▸ WHAT YOU WILL DO: Exactly retype the opening line of the entries and every line after it, ending with the line that contains "Add excitement to". Skip all pictures.

Stored data:

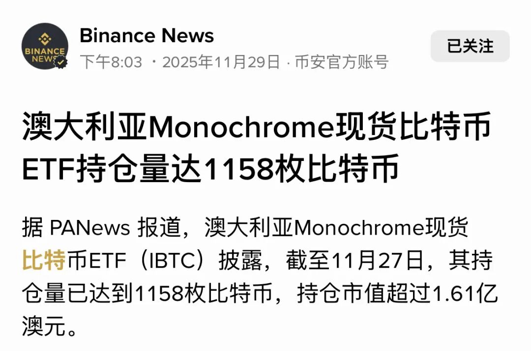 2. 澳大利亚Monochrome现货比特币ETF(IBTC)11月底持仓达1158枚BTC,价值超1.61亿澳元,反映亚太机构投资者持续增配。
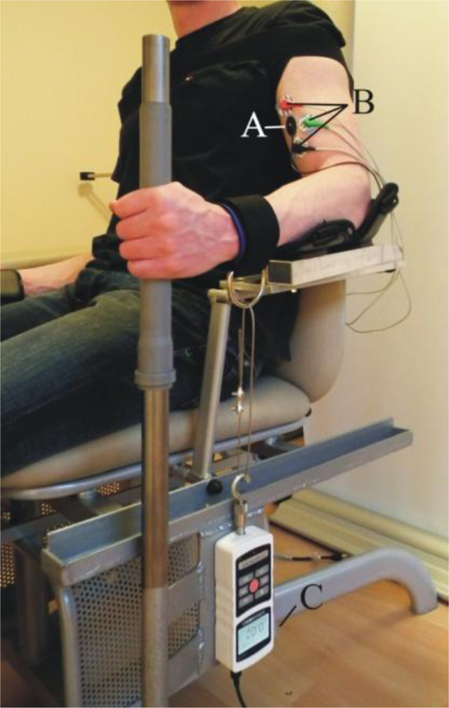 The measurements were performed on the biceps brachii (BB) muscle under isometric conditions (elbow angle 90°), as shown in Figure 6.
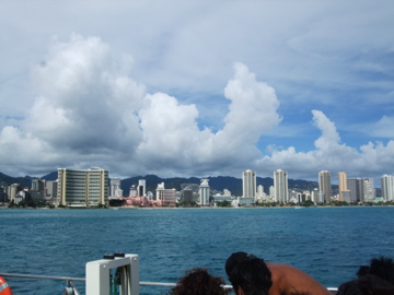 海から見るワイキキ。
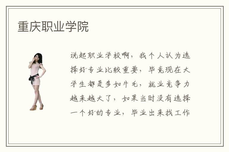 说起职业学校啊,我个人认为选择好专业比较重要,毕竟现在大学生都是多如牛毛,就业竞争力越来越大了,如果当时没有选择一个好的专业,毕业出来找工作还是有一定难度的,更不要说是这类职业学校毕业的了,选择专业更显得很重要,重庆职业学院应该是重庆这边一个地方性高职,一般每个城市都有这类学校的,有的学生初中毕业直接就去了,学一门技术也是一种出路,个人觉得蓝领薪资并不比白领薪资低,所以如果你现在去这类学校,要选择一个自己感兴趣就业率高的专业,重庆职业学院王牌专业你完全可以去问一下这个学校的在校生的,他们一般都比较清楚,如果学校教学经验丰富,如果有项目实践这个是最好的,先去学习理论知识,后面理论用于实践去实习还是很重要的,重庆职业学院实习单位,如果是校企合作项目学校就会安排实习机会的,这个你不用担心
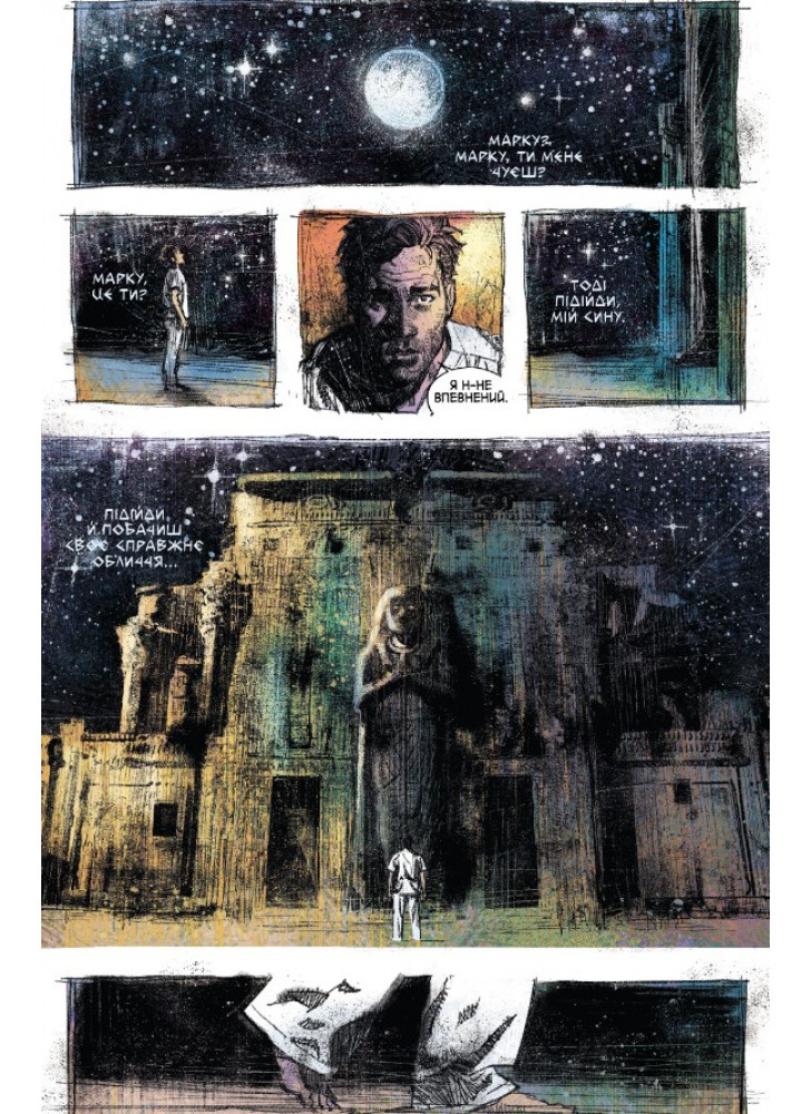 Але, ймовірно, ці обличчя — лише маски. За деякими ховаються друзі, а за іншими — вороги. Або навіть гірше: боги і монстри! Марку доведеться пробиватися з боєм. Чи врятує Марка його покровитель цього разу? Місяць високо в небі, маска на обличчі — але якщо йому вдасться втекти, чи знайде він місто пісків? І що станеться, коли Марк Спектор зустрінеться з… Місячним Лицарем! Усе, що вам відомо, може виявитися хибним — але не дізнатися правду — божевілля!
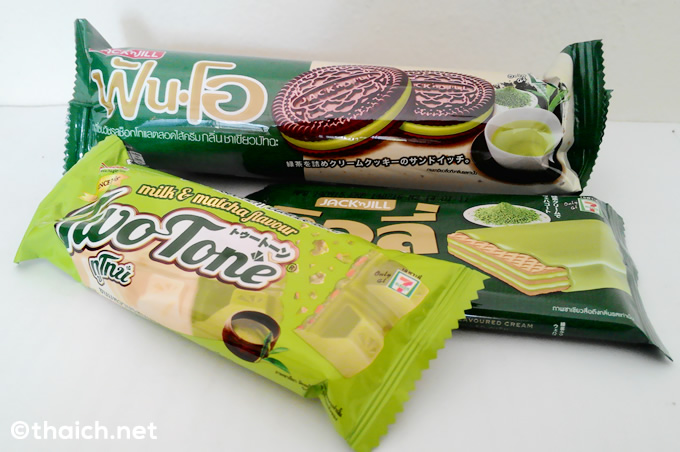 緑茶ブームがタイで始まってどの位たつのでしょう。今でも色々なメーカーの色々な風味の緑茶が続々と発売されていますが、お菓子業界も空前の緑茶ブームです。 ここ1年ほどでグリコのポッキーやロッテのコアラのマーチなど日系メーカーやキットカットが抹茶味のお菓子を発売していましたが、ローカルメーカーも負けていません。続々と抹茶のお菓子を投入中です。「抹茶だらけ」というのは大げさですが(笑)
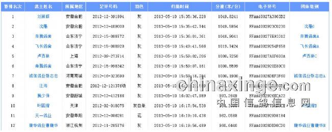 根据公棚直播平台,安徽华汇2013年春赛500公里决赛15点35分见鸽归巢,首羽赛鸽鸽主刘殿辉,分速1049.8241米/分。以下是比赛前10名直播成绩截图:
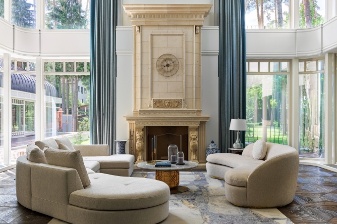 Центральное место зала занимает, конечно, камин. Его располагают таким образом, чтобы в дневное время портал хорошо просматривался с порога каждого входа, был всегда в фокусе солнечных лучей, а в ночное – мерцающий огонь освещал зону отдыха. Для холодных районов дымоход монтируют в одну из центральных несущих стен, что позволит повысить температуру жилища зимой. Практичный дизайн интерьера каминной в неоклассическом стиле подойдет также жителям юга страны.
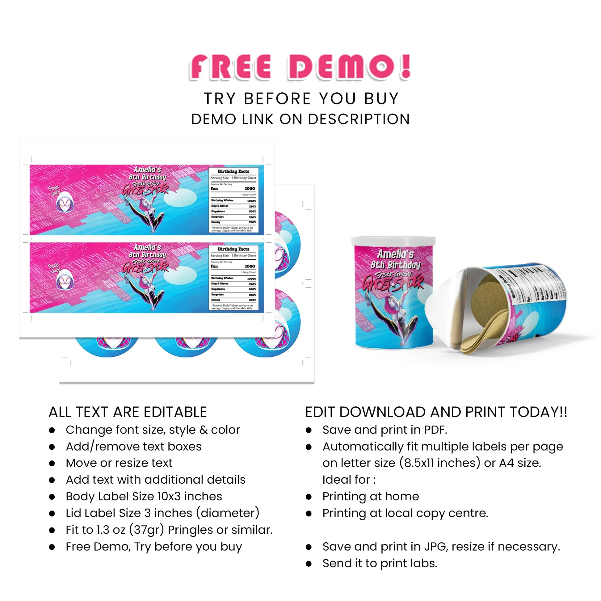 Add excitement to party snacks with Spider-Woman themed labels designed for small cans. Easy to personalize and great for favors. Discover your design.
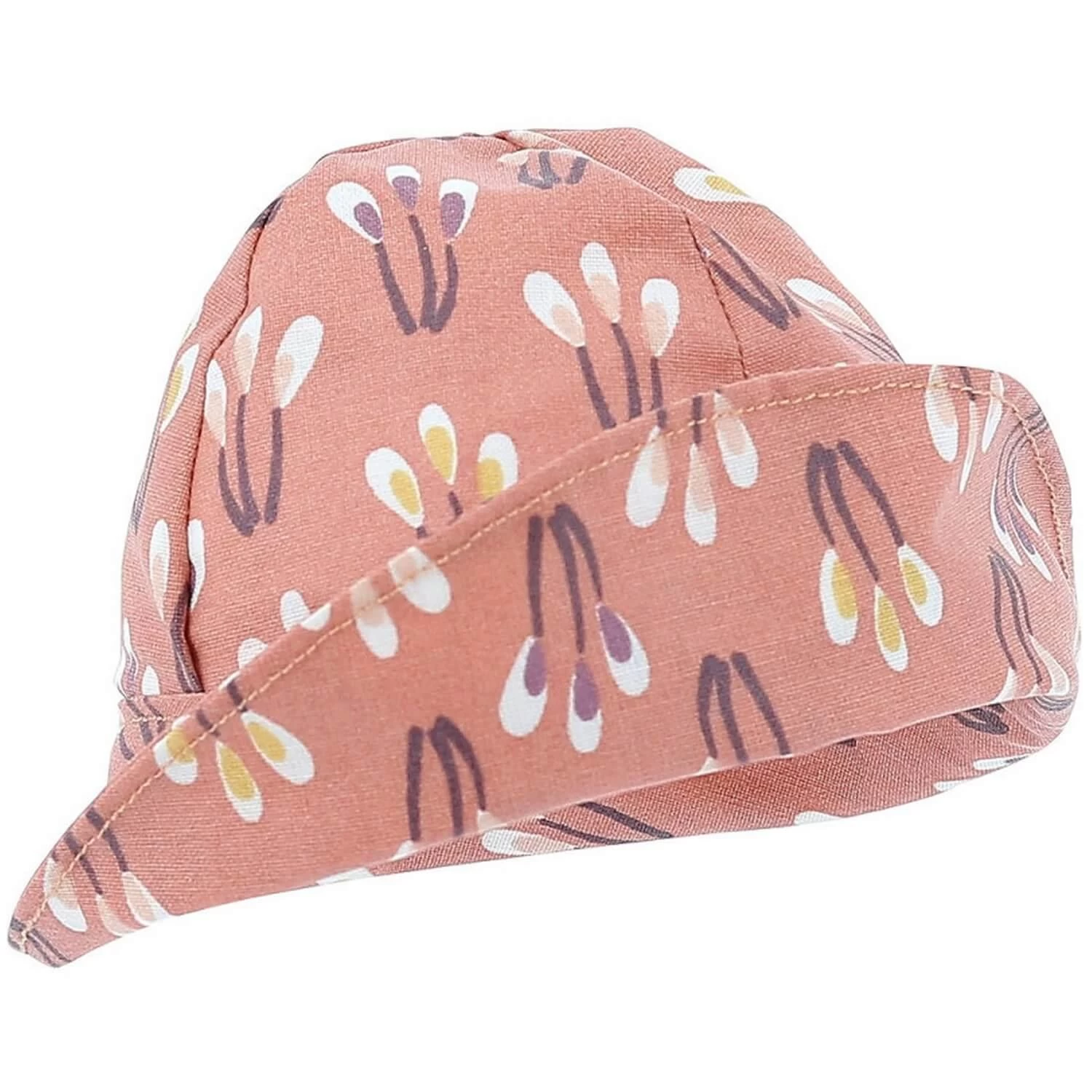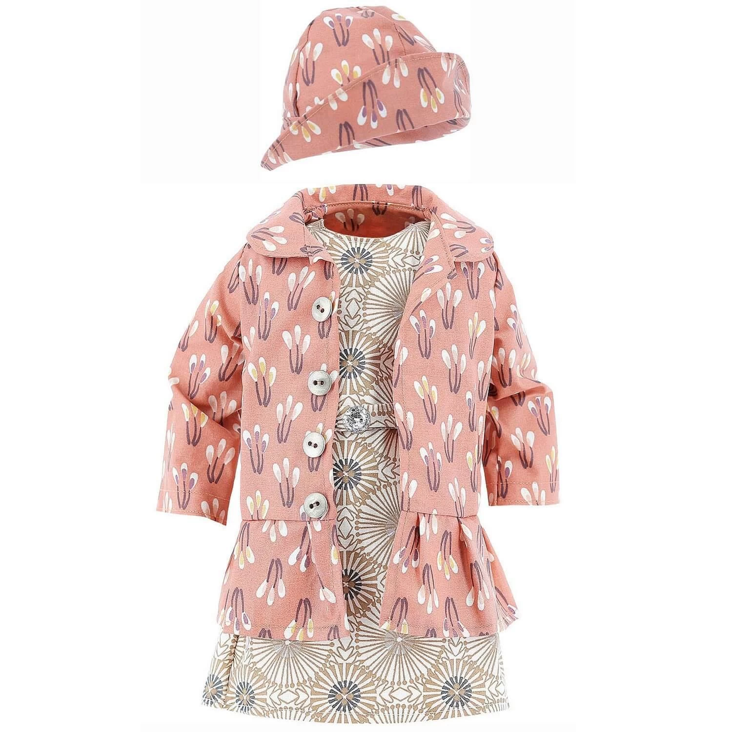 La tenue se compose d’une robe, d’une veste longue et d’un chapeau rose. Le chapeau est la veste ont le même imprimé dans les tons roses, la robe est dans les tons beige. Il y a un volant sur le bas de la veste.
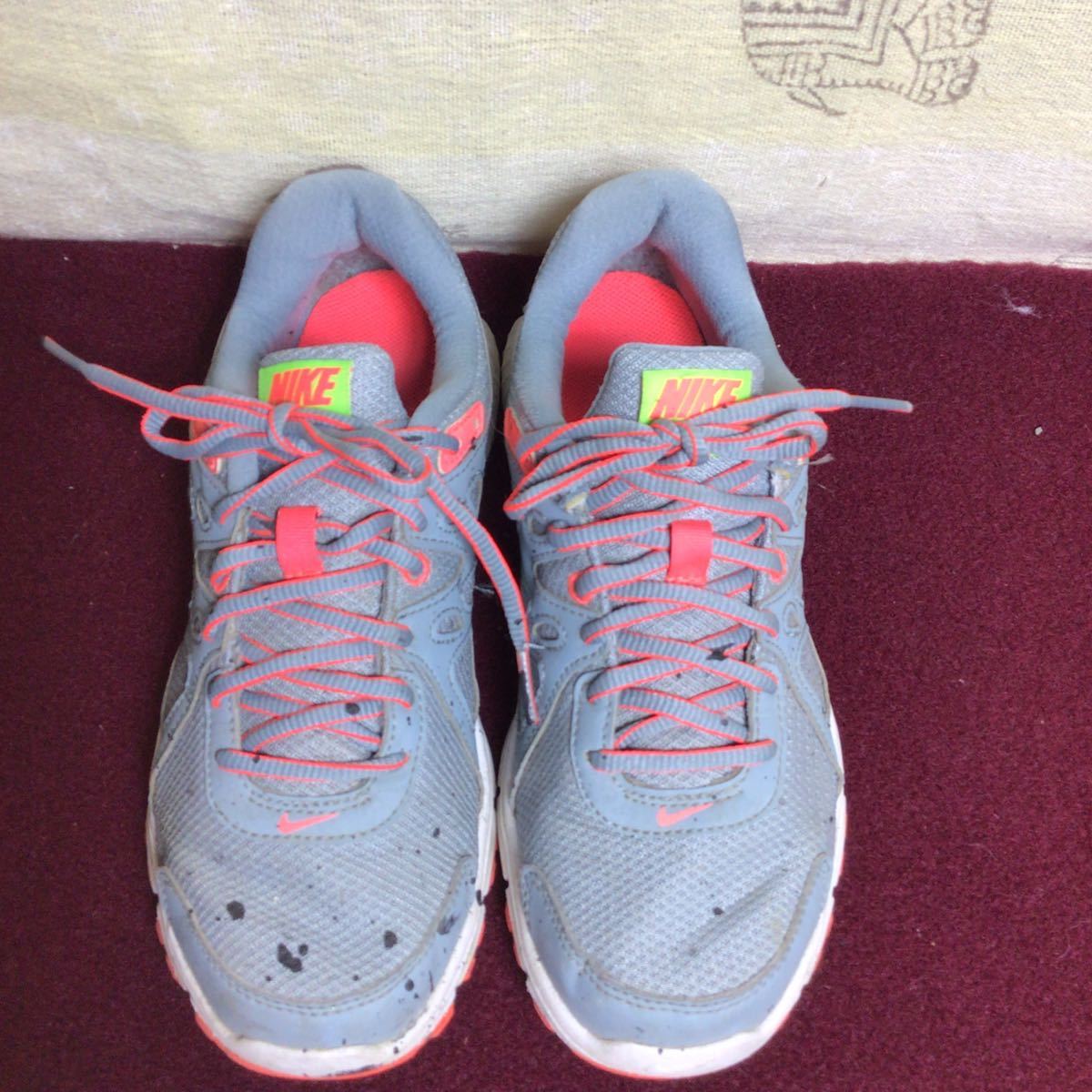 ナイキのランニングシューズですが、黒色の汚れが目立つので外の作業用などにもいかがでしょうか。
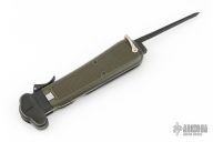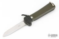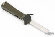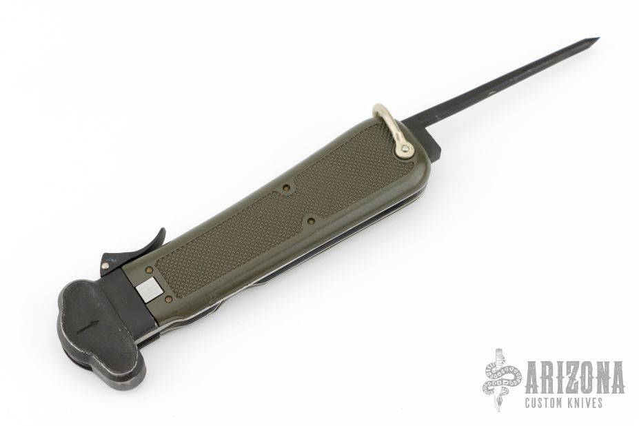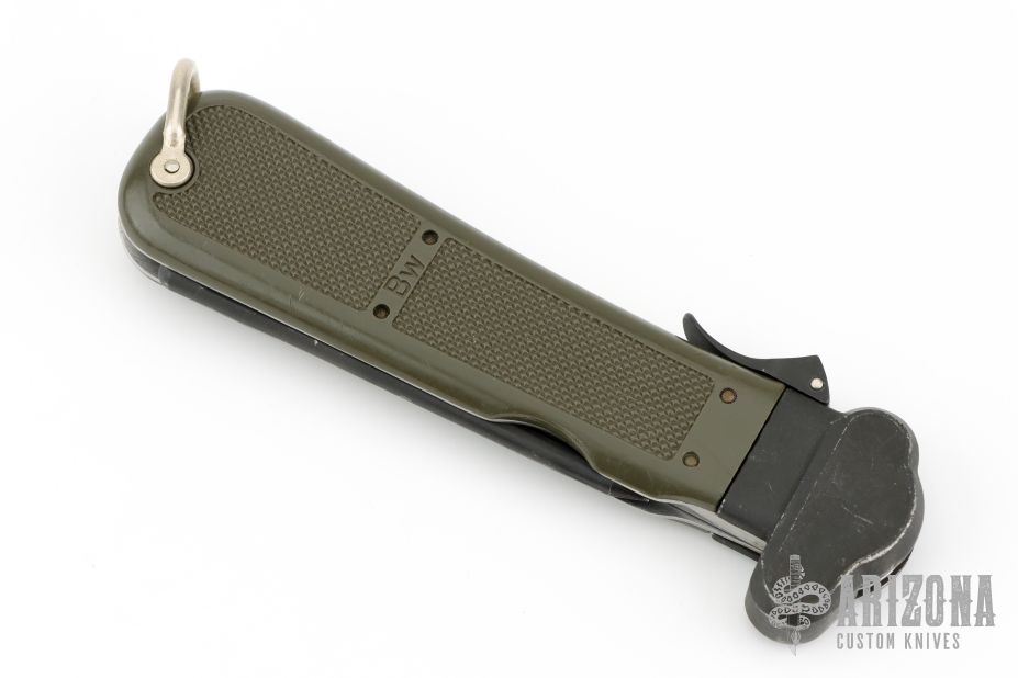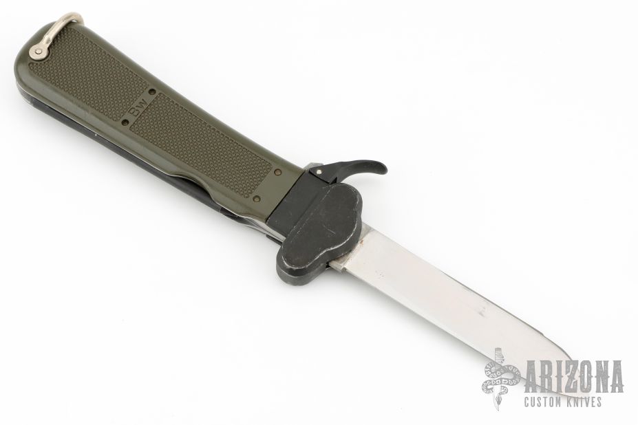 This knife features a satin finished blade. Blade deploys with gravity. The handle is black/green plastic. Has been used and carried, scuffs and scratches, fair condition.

▸ SOLUTION FOR THIS PROBLEM:
 2. 澳大利亚Monochrome现货比特币ETF(IBTC)11月底持仓达1158枚BTC,价值超1.61亿澳元,反映亚太机构投资者持续增配。
 The measurements were performed on the biceps brachii (BB) muscle under isometric conditions (elbow angle 90°), as shown in Figure 6.
 海から見るワイキキ。
 说起职业学校啊,我个人认为选择好专业比较重要,毕竟现在大学生都是多如牛毛,就业竞争力越来越大了,如果当时没有选择一个好的专业,毕业出来找工作还是有一定难度的,更不要说是这类职业学校毕业的了,选择专业更显得很重要,重庆职业学院应该是重庆这边一个地方性高职,一般每个城市都有这类学校的,有的学生初中毕业直接就去了,学一门技术也是一种出路,个人觉得蓝领薪资并不比白领薪资低,所以如果你现在去这类学校,要选择一个自己感兴趣就业率高的专业,重庆职业学院王牌专业你完全可以去问一下这个学校的在校生的,他们一般都比较清楚,如果学校教学经验丰富,如果有项目实践这个是最好的,先去学习理论知识,后面理论用于实践去实习还是很重要的,重庆职业学院实习单位,如果是校企合作项目学校就会安排实习机会的,这个你不用担心
 Але, ймовірно, ці обличчя — лише маски. За деякими ховаються друзі, а за іншими — вороги. Або навіть гірше: боги і монстри! Марку доведеться пробиватися з боєм. Чи врятує Марка його покровитель цього разу? Місяць високо в небі, маска на обличчі — але якщо йому вдасться втекти, чи знайде він місто пісків? І що станеться, коли Марк Спектор зустрінеться з… Місячним Лицарем! Усе, що вам відомо, може виявитися хибним — але не дізнатися правду — божевілля!
 緑茶ブームがタイで始まってどの位たつのでしょう。今でも色々なメーカーの色々な風味の緑茶が続々と発売されていますが、お菓子業界も空前の緑茶ブームです。 ここ1年ほどでグリコのポッキーやロッテのコアラのマーチなど日系メーカーやキットカットが抹茶味のお菓子を発売していましたが、ローカルメーカーも負けていません。続々と抹茶のお菓子を投入中です。「抹茶だらけ」というのは大げさですが(笑)
 根据公棚直播平台,安徽华汇2013年春赛500公里决赛15点35分见鸽归巢,首羽赛鸽鸽主刘殿辉,分速1049.8241米/分。以下是比赛前10名直播成绩截图:
 Центральное место зала занимает, конечно, камин. Его располагают таким образом, чтобы в дневное время портал хорошо просматривался с порога каждого входа, был всегда в фокусе солнечных лучей, а в ночное – мерцающий огонь освещал зону отдыха. Для холодных районов дымоход монтируют в одну из центральных несущих стен, что позволит повысить температуру жилища зимой. Практичный дизайн интерьера каминной в неоклассическом стиле подойдет также жителям юга страны.
 Add excitement to party snacks with Spider-Woman themed labels designed for small cans. Easy to personalize and great for favors. Discover your design.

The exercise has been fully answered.